PROBLEM DETAILS
Exact copy, pictures excluded: the lines from the one containing "Se venden los" to the end of the listing.

RECORDED DATA
==*==

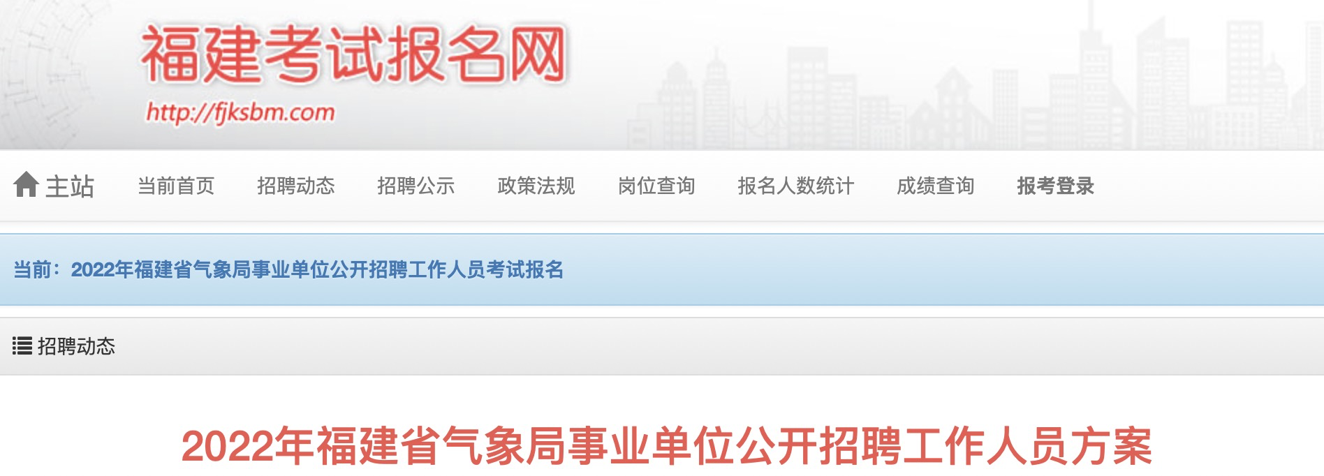 2022年福建省氣象局事業(yè)單位工作人員招聘公告【11人】已發(fā)布,網(wǎng)絡(luò)報名時間為:2022年3月16日8:00-3月23日11:00,現(xiàn)將招聘公告原文發(fā)布如下:
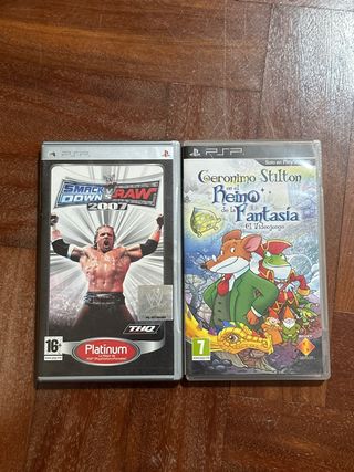 Se venden los siguiente 2 juegos de PSP en buen estado: - WWE Smackdown vs Raw 2007 - Geronimo Stilton en el Reino de la Fantasía Se entrega solo y exclusivamente los juegos. Haría precio si se cogiesen juntos en vez de por separado o junto con alguna otra cosa de mi perfil. ¡Hago envíos!
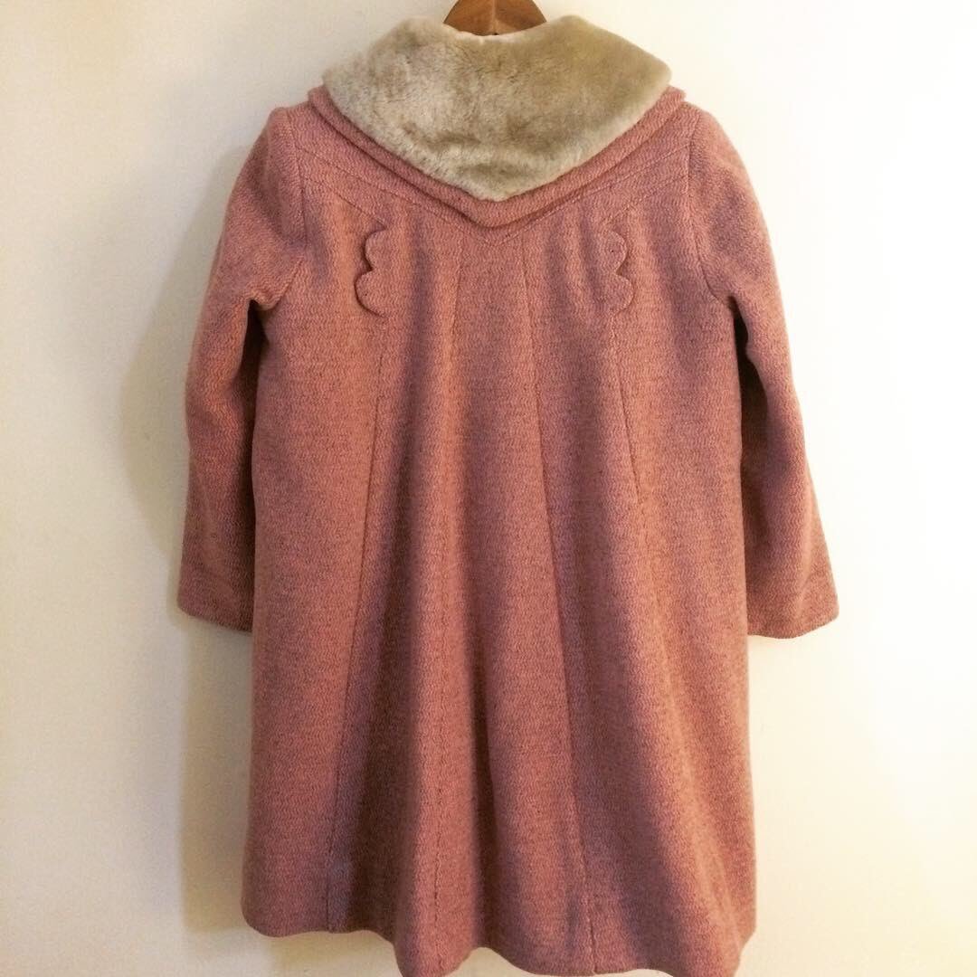 The last of my ‘little ones’ coats that I just have to share: Pretty in Pink with faux fur collar and just the loveliest of detailing. Again, I’d love this in my own size! Measures: 19” across the shoulders and 32” long.

==*==

TASK OUTPUT
 Se venden los siguiente 2 juegos de PSP en buen estado: - WWE Smackdown vs Raw 2007 - Geronimo Stilton en el Reino de la Fantasía Se entrega solo y exclusivamente los juegos. Haría precio si se cogiesen juntos en vez de por separado o junto con alguna otra cosa de mi perfil. ¡Hago envíos!
 The last of my ‘little ones’ coats that I just have to share: Pretty in Pink with faux fur collar and just the loveliest of detailing. Again, I’d love this in my own size! Measures: 19” across the shoulders and 32” long.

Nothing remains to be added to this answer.